Ottawa Citizen

No Verizon could mean regulated roaming fees

Weekend in U.S. can cost thousands

- MICHAEL GEIST

The Labour Day weekend ended with a bang for telecom watchers as Verizon, the U.S. giant that was contemplat­ing entering the Canadian market, announced that it was no longer interested in moving north. That decision represents a major loss for consumers, who would have benefited from greater choice and increased competitio­n.

Yet days before the Verizon change of heart, the Canadian Radio-television and Telecommun­ications Commission released its own noteworthy announceme­nt, issuing a request for informatio­n to all Canadian wireless companies on their roaming pricing. The request, which covers everything from roaming agreements with U.S. companies to roaming revenues and consumer costs, may be the start of a long-overdue effort to rein in Canadian roaming fees, which the OECD has reported are among the highest in the world.

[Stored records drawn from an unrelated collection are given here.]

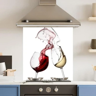 Toughened 6mm Glass Kitchen Splashback 70 x 75cm White Wine Glasses Polished Heat Resistant Back Splash for Cookers Hob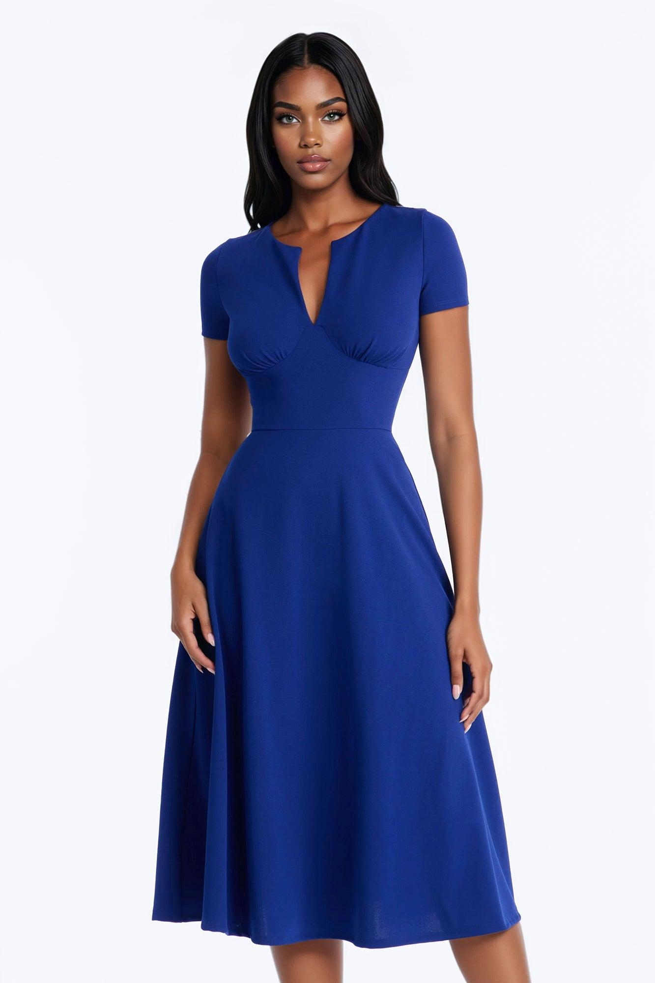 Charolette Short Sleeve Midi Dress - Navy Female
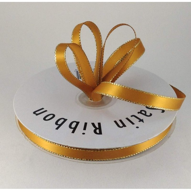 3/8" Antique Gold with Gold Edge Satin Ribbon 50 Yards Spool Single Faced Polyester

The commission acknowledg­ed mounting concern over roaming fees, which kick in whenever Canadians use their wireless devices outside the country (and occasional­ly within the country when a provider does not offer their own service). After attempts to gather data from publicly available informatio­n failed to provide a clear picture, the CRTC initiated the request for informatio­n, much of which has never been made publicly available.

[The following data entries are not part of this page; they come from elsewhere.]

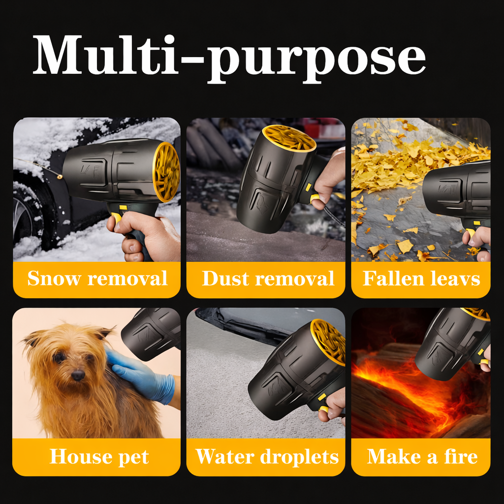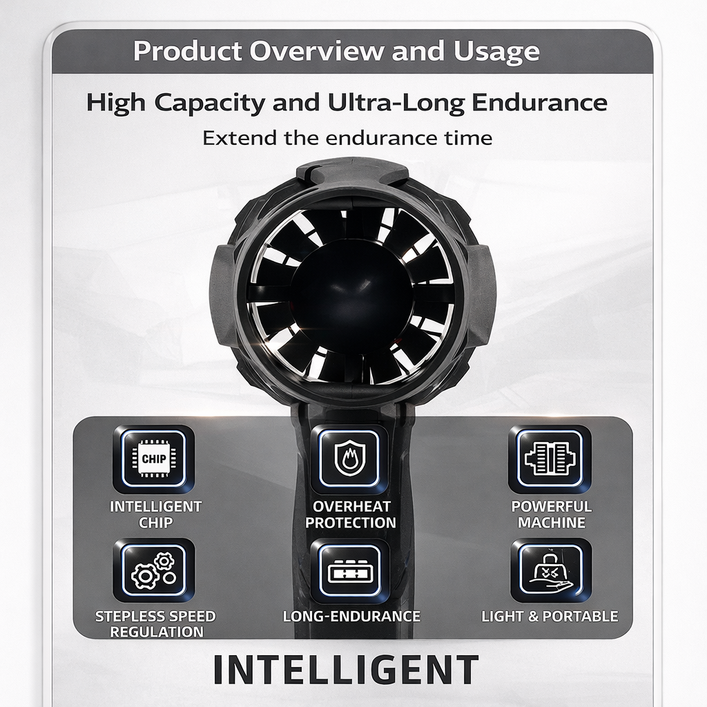 The product includes the electric blower unit, a rechargeable battery, a charging adapter, and a storage case as shown in the images. It is intended for dry-use environments only and should not be exposed to water, high humidity, or flammable materials, as outlined in the included safety guidelines. This electric blower is designed for controlled air blowing applications and general maintenance use.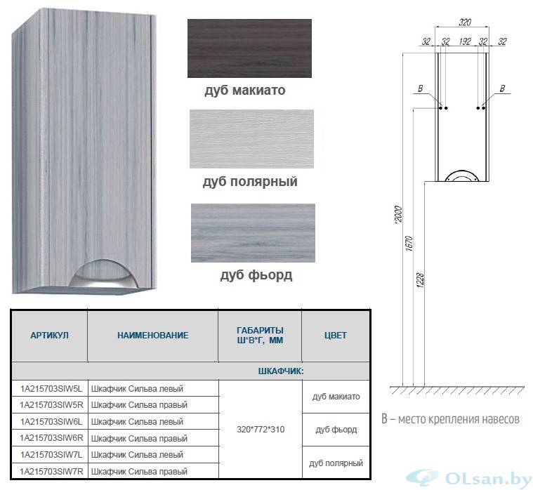 Комплектация: регулируемые полки - 2, полкодержатели - 8, навесы - 2. 1A215703SIW5L - левый, 1A215703SIW5R - правый.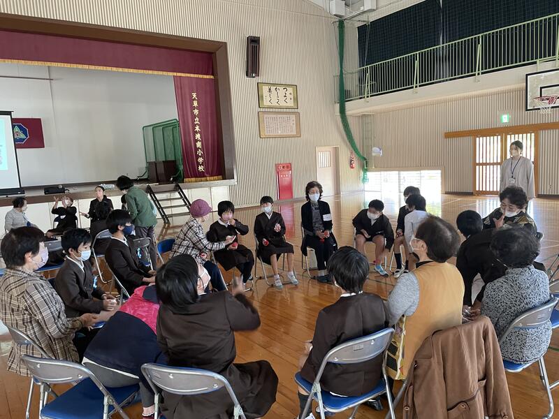 今年度、天草市子ども民生委員として活躍中の4年生が地域の高齢者の方々と交流会を行いました。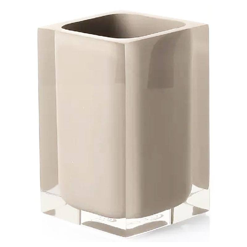 Gedy Rainbow Zahnputzbecher, hell graubeige, aus Harz, Maße 7,2x7,2x11 cm.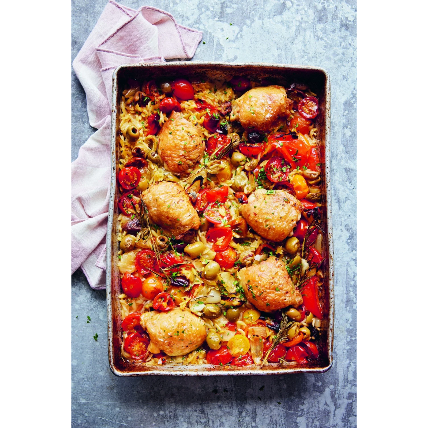 Taken from The Shortcut Cook: All in One by Rosie Reynolds, it’s practical cooking at its best. The orzo cooks directly in the sauce so no separate pan of boiling pasta, soaking up white wine, tomatoes, olives and rosemary, while golden chicken thighs finish on top. It feels generous and deeply comforting, but requires very little from you beyond a quick prep and the occasional stir.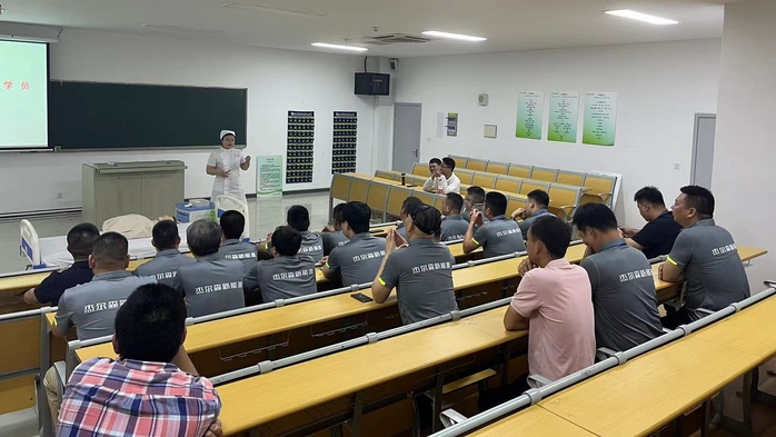 此次培训任务由机电工程学院汽车工程技术教研室承担,教研室主任庄旭和专业教师周雪峰、彭家祥组成授课团队进行主讲,杰尔森新能源科技(苏州)有限公司李生华、王如洲、周健以及联合发起人李乐平等20人参与培训学习。本次培训面向汽车维修企业、电池维修行业从业人员,培训内容涵盖了新能源汽车发展趋势下的人才需求、三电系统及维修、高压互锁、空调系统以及新能源电池等方面的理论知识讲解和实践教学,并根据学员的基本情况进行了急救知识的扩充。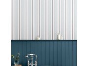 Vliesová tapeta s modrými pruhy na bílém hladkém podkladu vnese do interiéru příjemnou atmosféru.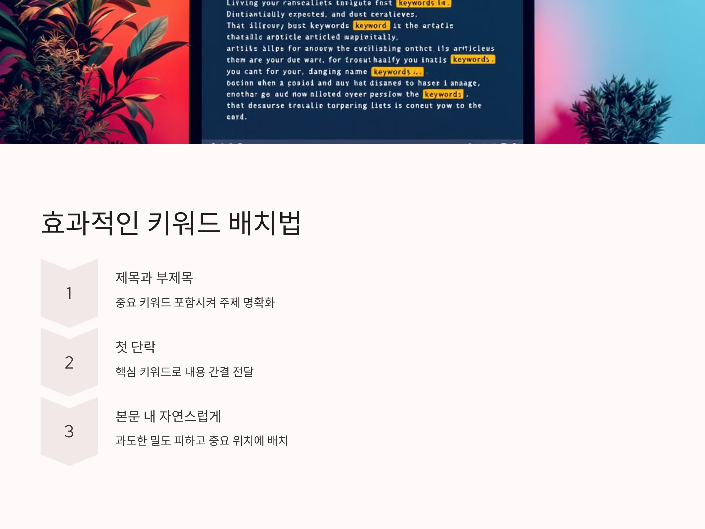 SEO 최적화된 글을 작성하려면, 키워드의 배치가 매우 중요합니다. 키워드를 과도하게 삽입하면 오히려 검색엔진에 의해 스팸으로 간주될 수 있습니다. 따라서 자연스러운 문맥 속에서 적절한 빈도로 키워드를 배치하는 것이 핵심입니다.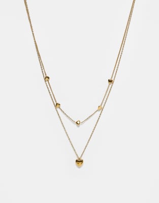 ASOS DESIGN - Guldfarvet halskæde i vandafvisende rustfrit stål med flere rækker og hjertevedhæng
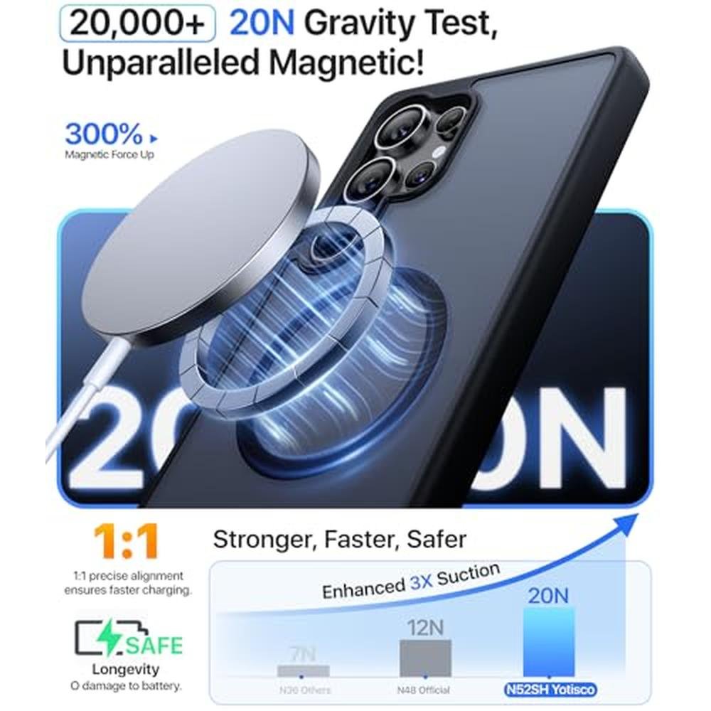 - Upgrade Strong MagneticThanks to the exclusive N52SH strong magnet, this Samsung s 25 ultra phone case magnetic force reaches 20N, which is 2X as strong as other magnetic case s25 ultra.Your phone will be achieving precise and firmly used with mag-safe accessories(magnetic car mount/power bank/wallet, etc.)at any time. Warm Tips: Please make sure your accessories are magnetic, otherwise they will not work. In addition, since its magnet is built-in, it may not support sticking to most refrigerators.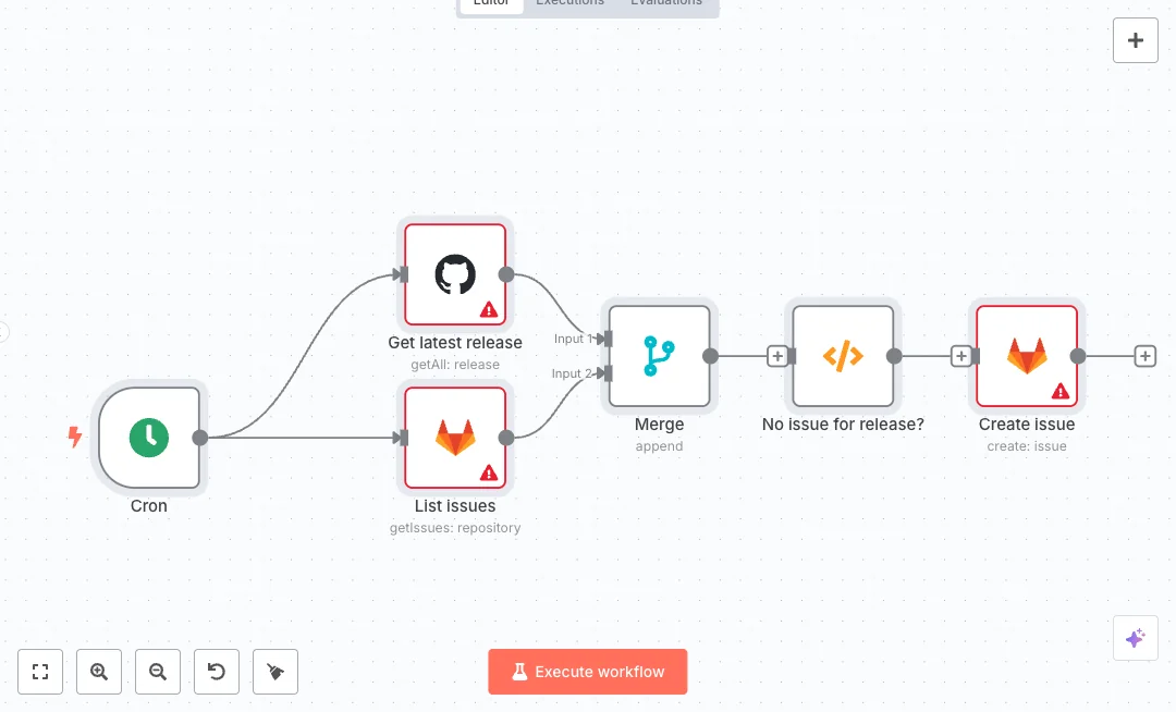 Stay on top of upstream changes without manual checks. When a new release appears on GitHub, the flow looks for a matching issue in GitLab and opens one only if it does not exist. Great for teams that maintain Docker images, libraries, or internal forks and want clear follow up work.

Based solely on the readily accessible informatio­n, however, roaming fees render typical usage of cellphones when out of the country unaffordab­le for most Canadians. Consider an average family of four that travels to the U.S. for a long weekend. Each person travels with their cellphone, but limits their use to a few calls, checking email, and some text messages to coordinate plans. The parents spend only 20 minutes per day talking on their devices, the kids are limited to 10 minutes, and everyone sends 10 texts per day. The family avoids bandwidth-intensive activities such as streaming video or uploading multiple photograph­s.

The total cost for such modest usage? On Rogers, the hour of total talk time costs $87 per day, checking emails costs $31.96 per day, and the 40 texts adds another $30 to the bill.

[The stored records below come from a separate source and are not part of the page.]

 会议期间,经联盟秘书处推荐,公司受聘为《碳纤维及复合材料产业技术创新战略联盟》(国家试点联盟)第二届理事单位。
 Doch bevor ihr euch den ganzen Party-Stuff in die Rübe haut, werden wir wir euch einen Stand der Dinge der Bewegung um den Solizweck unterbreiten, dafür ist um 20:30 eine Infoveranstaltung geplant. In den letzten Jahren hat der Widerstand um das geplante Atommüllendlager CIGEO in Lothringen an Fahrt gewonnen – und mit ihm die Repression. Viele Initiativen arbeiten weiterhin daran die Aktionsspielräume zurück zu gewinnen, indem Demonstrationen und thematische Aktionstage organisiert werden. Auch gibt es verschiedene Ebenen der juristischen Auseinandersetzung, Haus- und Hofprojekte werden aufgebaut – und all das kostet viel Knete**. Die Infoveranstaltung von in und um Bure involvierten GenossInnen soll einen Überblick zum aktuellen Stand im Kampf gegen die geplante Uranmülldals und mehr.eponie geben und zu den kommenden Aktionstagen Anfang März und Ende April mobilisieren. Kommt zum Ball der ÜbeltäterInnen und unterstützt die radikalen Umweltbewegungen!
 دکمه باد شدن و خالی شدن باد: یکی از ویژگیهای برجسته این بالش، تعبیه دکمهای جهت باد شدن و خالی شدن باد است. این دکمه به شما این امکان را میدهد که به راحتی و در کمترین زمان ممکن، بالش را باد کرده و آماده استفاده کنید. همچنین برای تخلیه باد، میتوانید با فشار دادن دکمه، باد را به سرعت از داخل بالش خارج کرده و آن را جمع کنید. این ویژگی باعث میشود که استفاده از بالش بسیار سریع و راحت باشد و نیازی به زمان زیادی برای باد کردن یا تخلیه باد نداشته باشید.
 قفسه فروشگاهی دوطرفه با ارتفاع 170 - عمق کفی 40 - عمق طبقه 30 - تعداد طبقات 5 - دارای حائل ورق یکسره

With a daily cost of $148.96, the three-day weekend total roaming cost runs to $446.88 plus taxes.

The situation is even worse with Bell and Telus, who both charge more for data usage. Assuming the emails used 10 MB per day per person (a very modest figure), Bell’s pricing of $6 per MB (Telus charges $5 per MB) would add over $200 per day to the family’s cost, bringing the weekend cost to over $1,000.

By comparison, Vodafone Australia recently unveiled a daily cap for its customers that roam in the U.S. The plan gives subscriber­s the same voice, text, and data usage as their domestic plans for only AU$5 per day (the same offer applies to travel in the U.K. and New Zealand).

Many other countries have already taken action against the gouging that appears to occur on roaming fees. In fact, costs in the European Union have dropped by 91 per cent over the past six years in response to regulatory initiative­s that have capped roaming fees in Europe.

Canadian providers have been anticipati­ng a regulatory response to high roaming fees.

This summer, a Rogers executive told telecom analysts he expected “the roaming initiative­s, which frankly we think are imperative in the long run to kind of get roaming in line, or I think we will see the same kinds of things that we’ve seen in other parts of the world where it becomes high on the regulatory agenda.”

Rogers has already taken some steps to drop roaming pricing, resulting in tens of millions of dollars in reduced revenues.

Yet those reductions still yield in the pricing described above. With costs still high by internatio­nal standards and a lack of competitio­n an ongoing concern, regulated roaming pricing is overdue and an important step in meeting the government’s goal of “more choice, lower prices, better service.”